Exercise description: Where the line with "17.依次打开D:\Matl" appears below, start writing out lines exactly, and finish with the line with "Here is the", which is included; write out nothing else.

Entries shown:
• • • • • • •

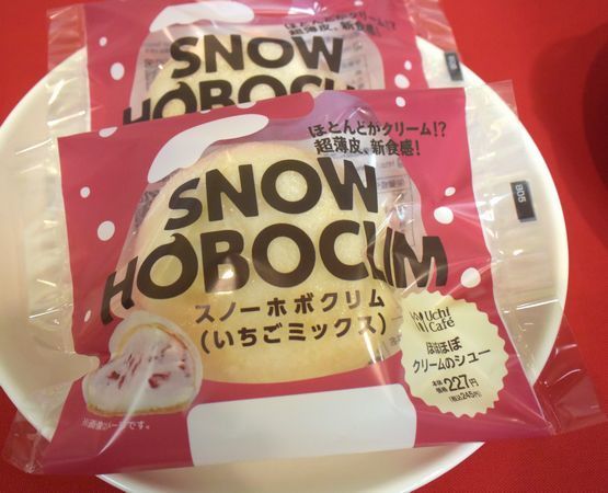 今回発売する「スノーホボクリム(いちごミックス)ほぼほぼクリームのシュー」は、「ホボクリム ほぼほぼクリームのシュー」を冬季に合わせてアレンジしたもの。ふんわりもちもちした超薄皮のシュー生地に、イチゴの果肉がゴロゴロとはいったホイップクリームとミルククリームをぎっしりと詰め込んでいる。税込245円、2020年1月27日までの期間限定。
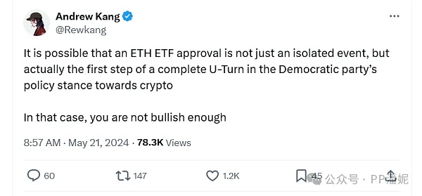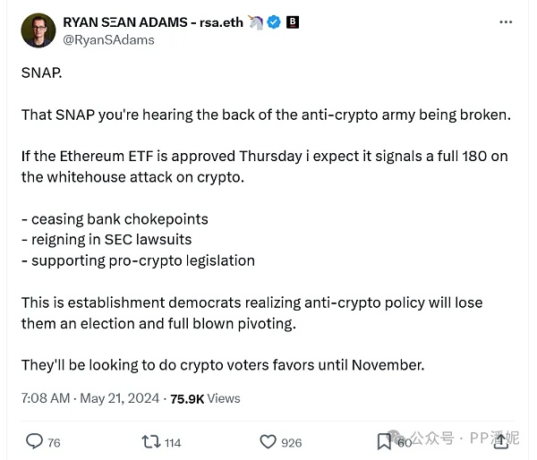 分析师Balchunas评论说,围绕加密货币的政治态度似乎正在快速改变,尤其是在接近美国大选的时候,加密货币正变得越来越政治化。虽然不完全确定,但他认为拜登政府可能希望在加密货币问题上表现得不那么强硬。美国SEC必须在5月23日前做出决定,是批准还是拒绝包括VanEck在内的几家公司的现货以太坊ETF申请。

• • • • • • •

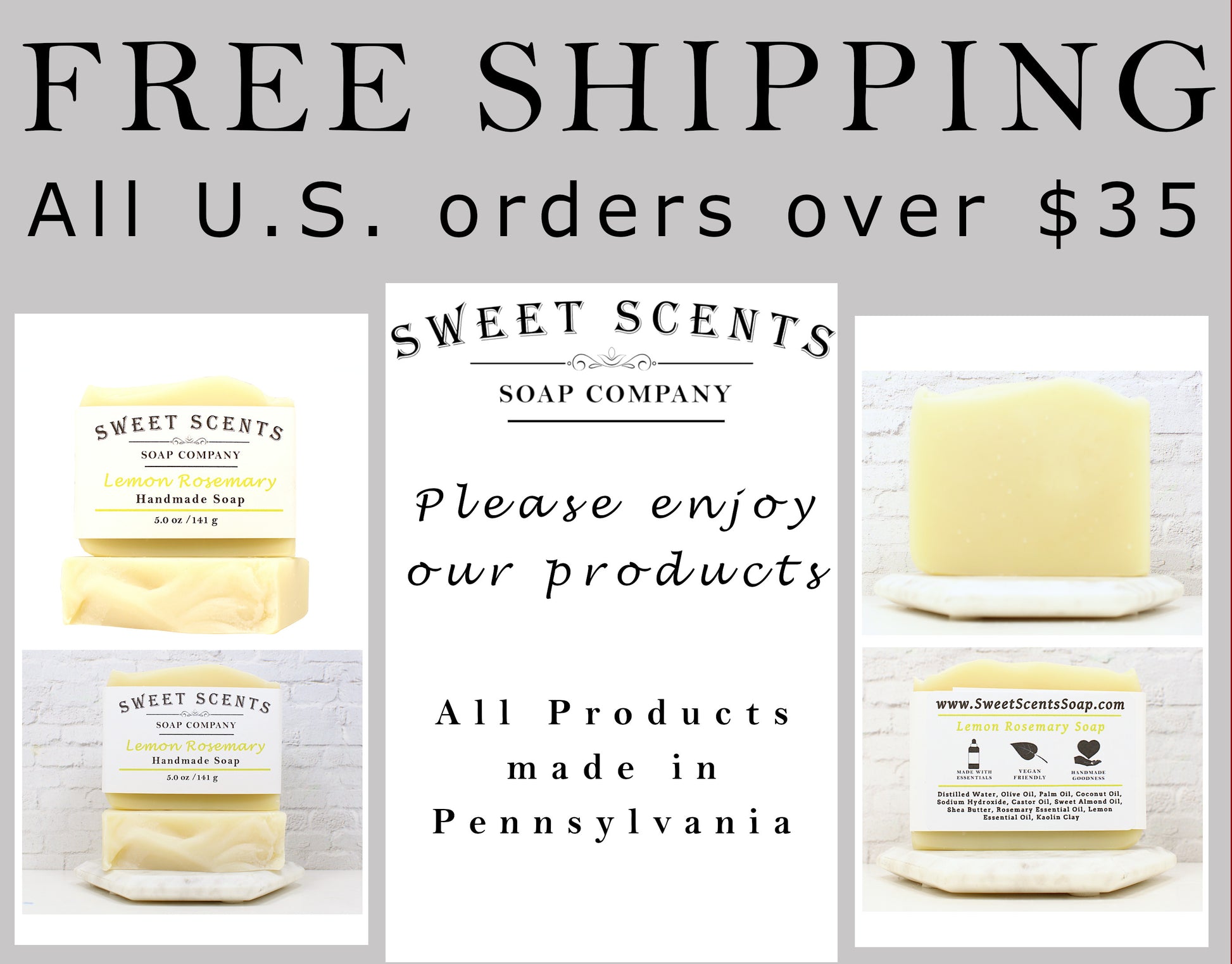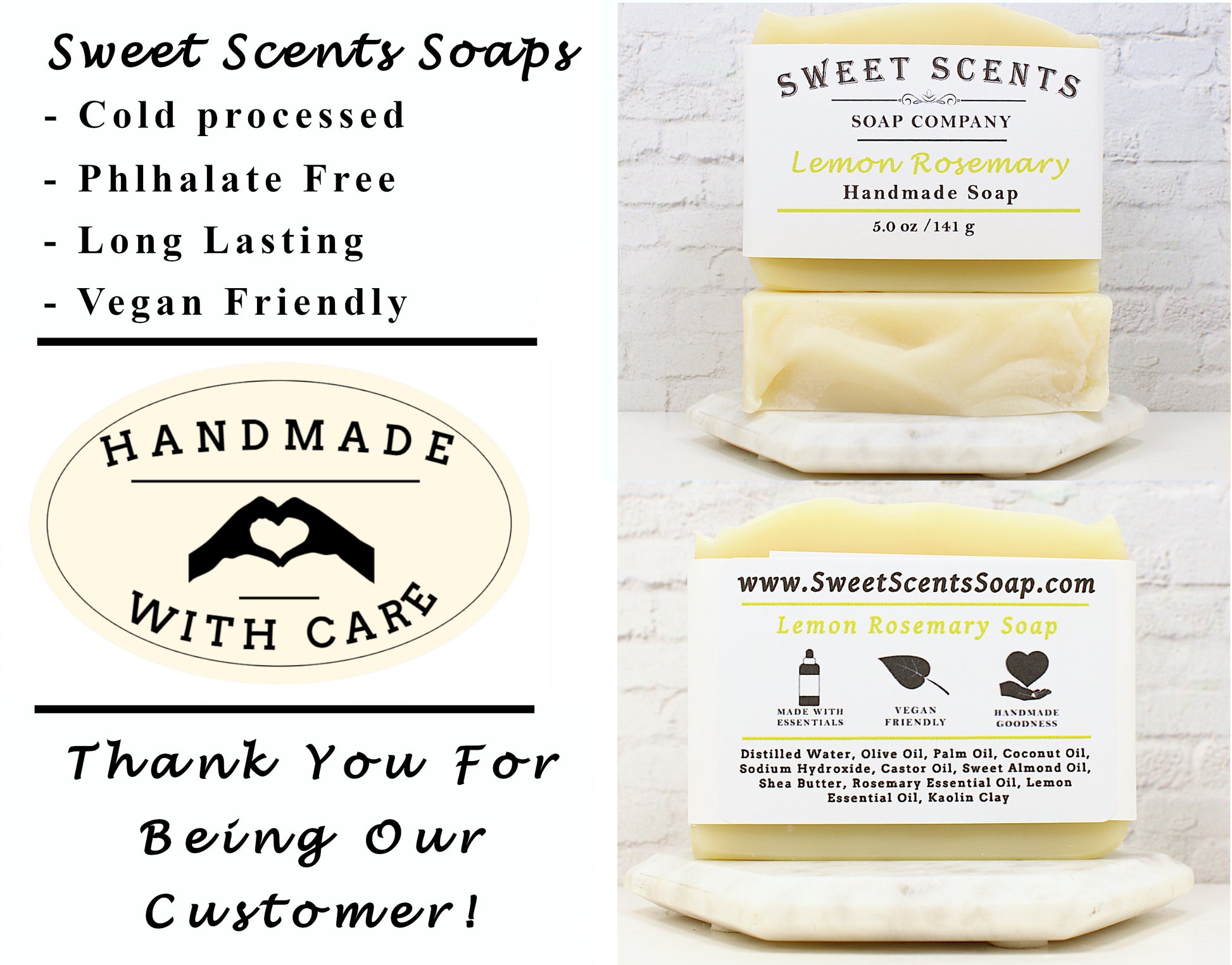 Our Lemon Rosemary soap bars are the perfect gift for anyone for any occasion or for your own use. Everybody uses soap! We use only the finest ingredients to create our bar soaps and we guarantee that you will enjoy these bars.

• • • • • • •

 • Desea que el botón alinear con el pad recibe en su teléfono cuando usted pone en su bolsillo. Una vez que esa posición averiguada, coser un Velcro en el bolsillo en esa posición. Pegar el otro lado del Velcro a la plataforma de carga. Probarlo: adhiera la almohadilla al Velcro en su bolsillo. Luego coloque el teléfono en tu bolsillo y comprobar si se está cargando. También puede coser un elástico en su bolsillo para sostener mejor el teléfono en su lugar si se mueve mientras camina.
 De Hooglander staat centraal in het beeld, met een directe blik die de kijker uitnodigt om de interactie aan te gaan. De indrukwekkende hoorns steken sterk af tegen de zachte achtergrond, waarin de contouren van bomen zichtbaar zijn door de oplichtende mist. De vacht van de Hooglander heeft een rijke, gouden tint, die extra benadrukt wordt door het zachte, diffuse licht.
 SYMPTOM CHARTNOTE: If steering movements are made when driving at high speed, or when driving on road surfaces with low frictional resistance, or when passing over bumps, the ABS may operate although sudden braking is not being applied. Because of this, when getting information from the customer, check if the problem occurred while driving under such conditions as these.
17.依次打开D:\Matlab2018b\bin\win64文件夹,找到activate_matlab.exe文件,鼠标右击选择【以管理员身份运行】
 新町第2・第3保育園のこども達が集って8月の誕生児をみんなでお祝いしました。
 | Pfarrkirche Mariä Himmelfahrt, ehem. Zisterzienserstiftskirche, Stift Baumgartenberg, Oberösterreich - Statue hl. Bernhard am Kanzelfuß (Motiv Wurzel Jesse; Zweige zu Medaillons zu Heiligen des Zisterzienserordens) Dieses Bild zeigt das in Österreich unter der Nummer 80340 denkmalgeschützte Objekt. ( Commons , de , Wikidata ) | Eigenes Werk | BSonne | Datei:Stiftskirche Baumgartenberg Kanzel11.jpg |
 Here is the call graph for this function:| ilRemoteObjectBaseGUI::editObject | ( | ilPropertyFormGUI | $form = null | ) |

• • • • • • •

Output:
17.依次打开D:\Matlab2018b\bin\win64文件夹,找到activate_matlab.exe文件,鼠标右击选择【以管理员身份运行】
 新町第2・第3保育園のこども達が集って8月の誕生児をみんなでお祝いしました。
 | Pfarrkirche Mariä Himmelfahrt, ehem. Zisterzienserstiftskirche, Stift Baumgartenberg, Oberösterreich - Statue hl. Bernhard am Kanzelfuß (Motiv Wurzel Jesse; Zweige zu Medaillons zu Heiligen des Zisterzienserordens) Dieses Bild zeigt das in Österreich unter der Nummer 80340 denkmalgeschützte Objekt. ( Commons , de , Wikidata ) | Eigenes Werk | BSonne | Datei:Stiftskirche Baumgartenberg Kanzel11.jpg |
 Here is the call graph for this function:| ilRemoteObjectBaseGUI::editObject | ( | ilPropertyFormGUI | $form = null | ) |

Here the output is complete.